# Task requirements:
Please output, exactly and without pictures, the lines from the opening of the listing below through the line containing "Silver Glitter Drips", both included.

(Data to process)

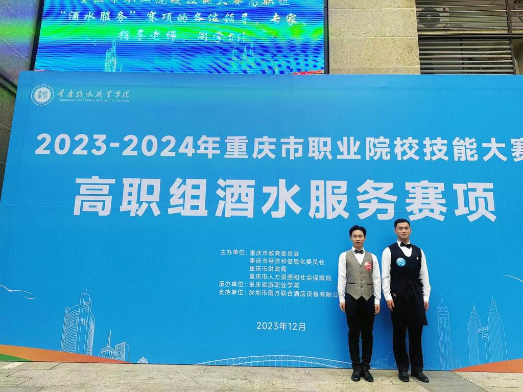 2023年12月18日-19日,2023-2024年重庆市职业院校技能大赛高职组酒水服务赛项落下帷幕。beat365建筑管理学院酒店管理与数字化运营专业学生周亦豪、罗钲杰、黎皖芯、邓智文两个队伍,双双荣获重庆市二等奖,以院校排名第二的成绩,再次客场作战进入该赛项国赛。
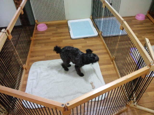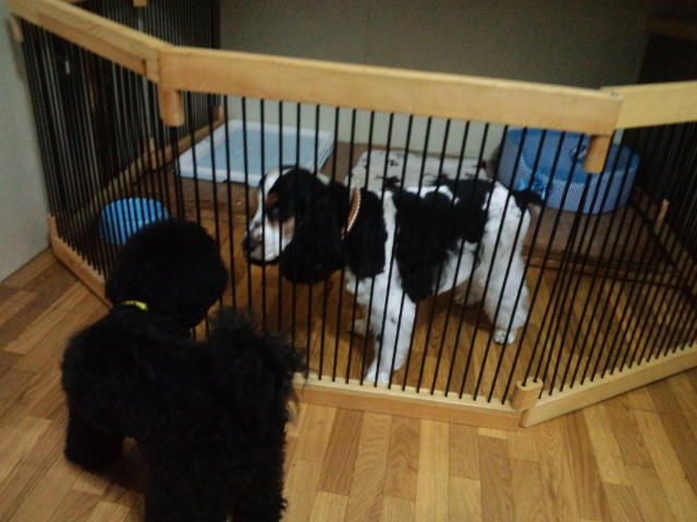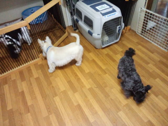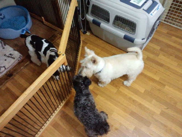 シュナウザーのうたちゃんがチェックインしました。 すぐにサークルから出て、スコッチテリア君と遊んでます。 サークル越しにコッカーちゃんともご挨拶してます。
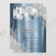 Silver Glitter Drips Balloons Blue Quinceanera Invitation
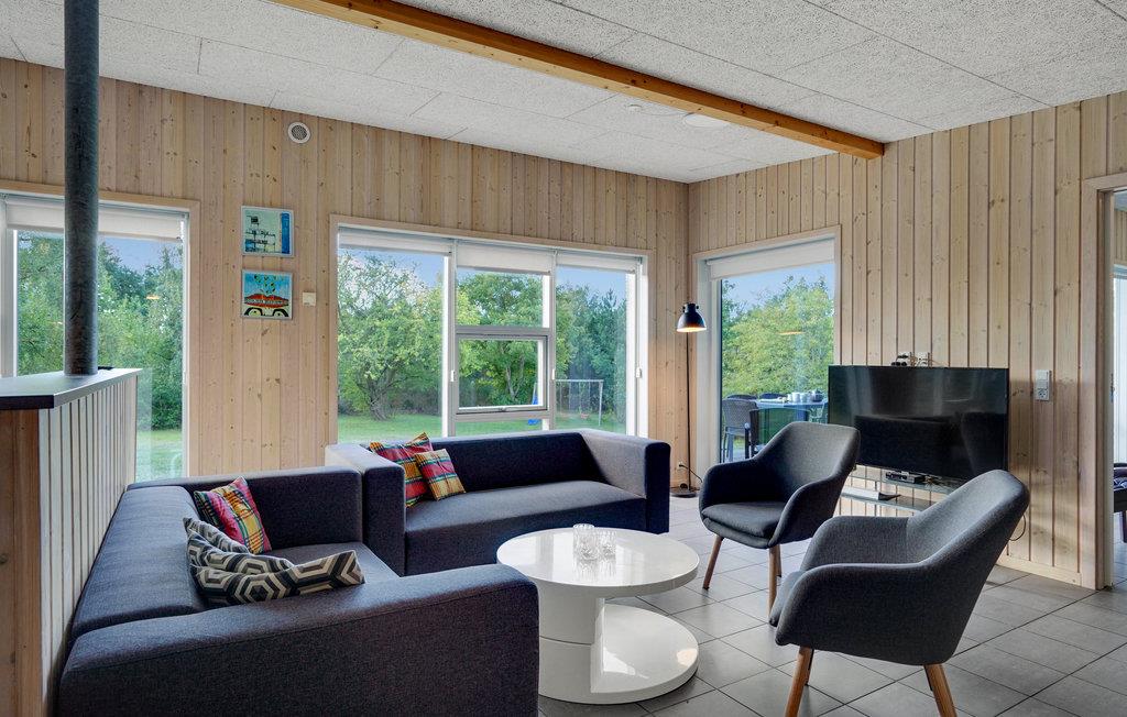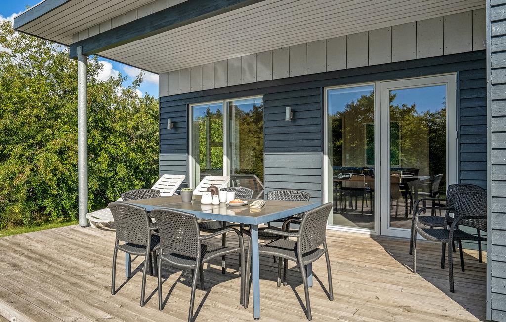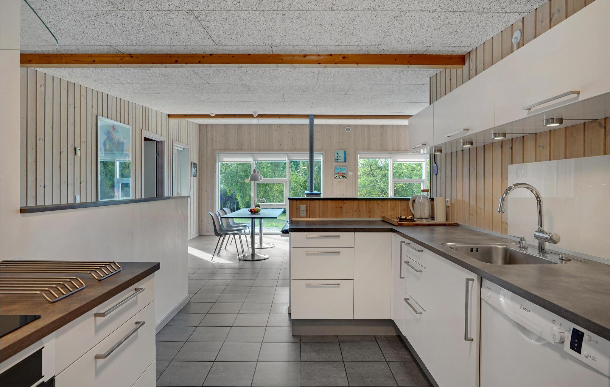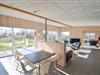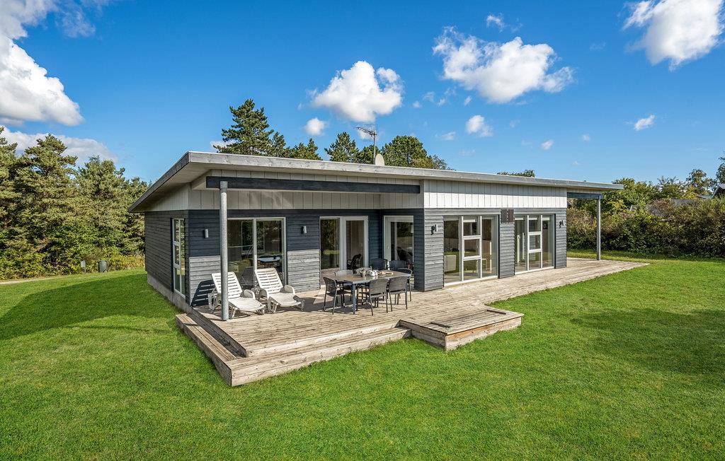 I såvel materialevalg, indretning, arkitektur og interiør er feriehuset kvalitetsmæssigt gennemført. I det skønne hus er der masser af plads til at to familier kan holde en dejlig ferie sammen. Det er indrettet med et flot køkken/alrum, fire soverum med gode senge samt to lækre badeværelser, hvoraf det ene indeholder et herligt spabad til to pers. samt en sauna. I aktivitetsrummet er der mulighed for dyst i bl.a. bordfodbold og pool. DVD kan afspilles på Playstation. Udendørs venter de store terrasser, hvor I kan nyde freden og roen. Der er gåafstand til den børnevenlige strand. 5 min. kørsel til Ebeltoft
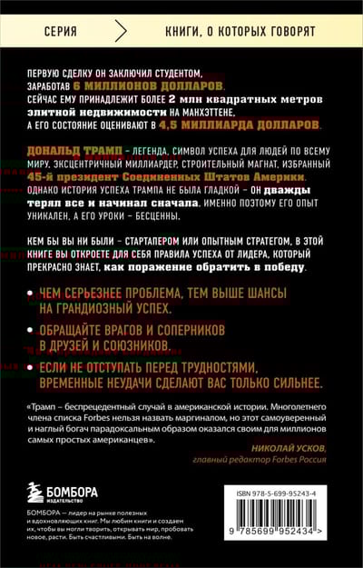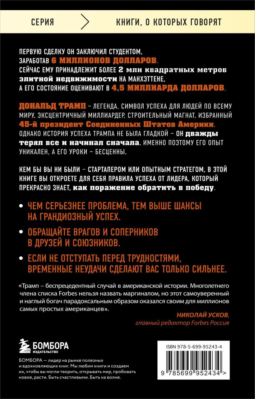 Whether you are a startup or an experienced strategist, in this book you will discover the rules of success from a leader who knows perfectly well how to turn defeat into victory. Following Donald Trump's leadership lessons, you will be able to find a way out of a difficult situation in your career and business and turn your problems into real success.
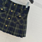 Miu Miu Plaid Pleated Skirt Green Blue Wool
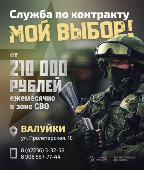 Пункт отбора на военную службу по контракту с Министерством обороны РФ в Белгороде ведёт набор бойцов со всей России.Заключить контракт могут мужчины до 65 лет. Опыт службы в армии и военный билет — не обязательны.Добровольцев ждёт серьёзная...
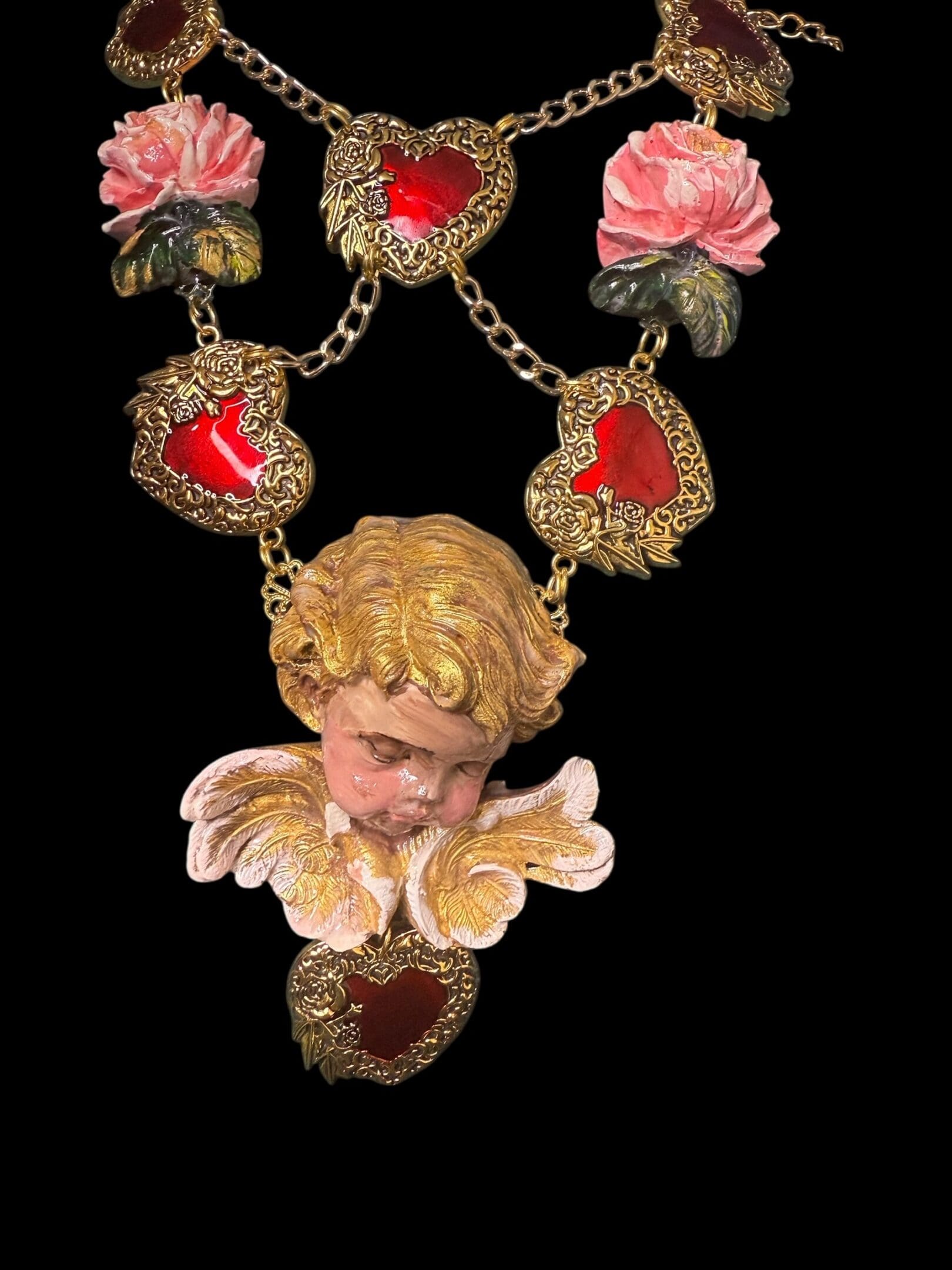 SOLD! 226 Baroque Large Cherub Sacred Heart Necklace
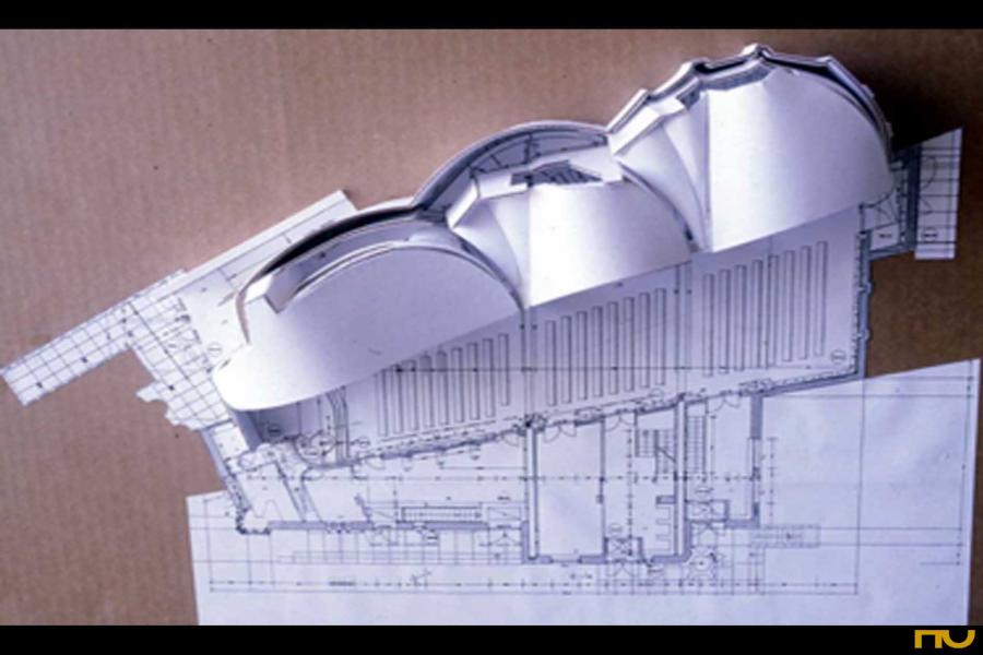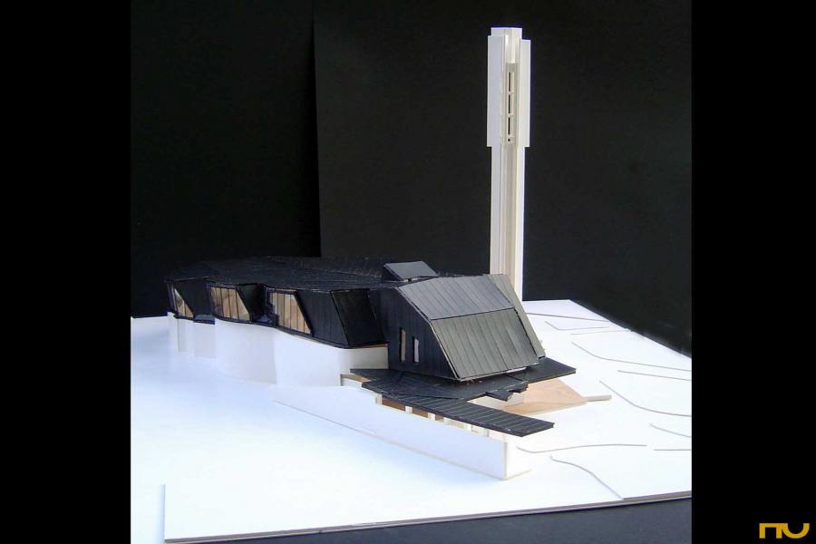 addició, doble pell, edifici religiós, forma corba, orgànic, trapezi,
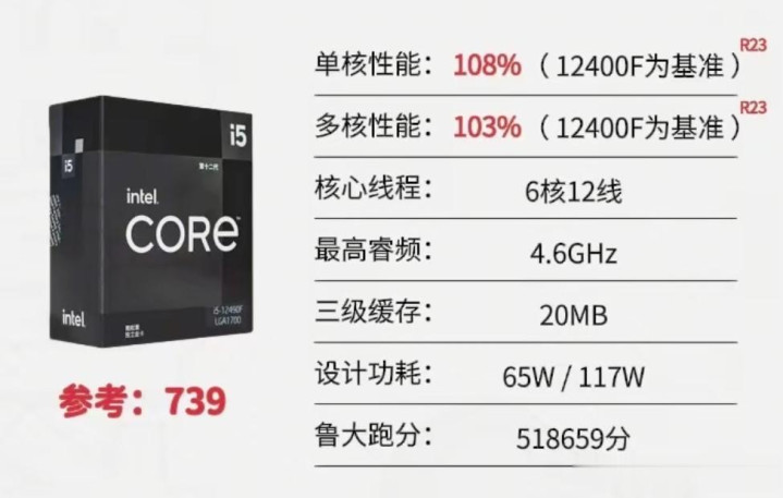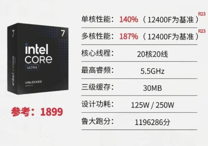 评价:价格反倒是下降了不少,这样看的话265KF性价比还不错。8大核12小核共20核20线程,睿频至高可达5.5GHz.多核性能强劲,能轻松应对多任务处理与大型软件运行,而且工艺提升功耗控制优秀,散热压力小。

(End Data to process)

# Exercise output:
 2023年12月18日-19日,2023-2024年重庆市职业院校技能大赛高职组酒水服务赛项落下帷幕。beat365建筑管理学院酒店管理与数字化运营专业学生周亦豪、罗钲杰、黎皖芯、邓智文两个队伍,双双荣获重庆市二等奖,以院校排名第二的成绩,再次客场作战进入该赛项国赛。
 シュナウザーのうたちゃんがチェックインしました。 すぐにサークルから出て、スコッチテリア君と遊んでます。 サークル越しにコッカーちゃんともご挨拶してます。
 Silver Glitter Drips Balloons Blue Quinceanera Invitation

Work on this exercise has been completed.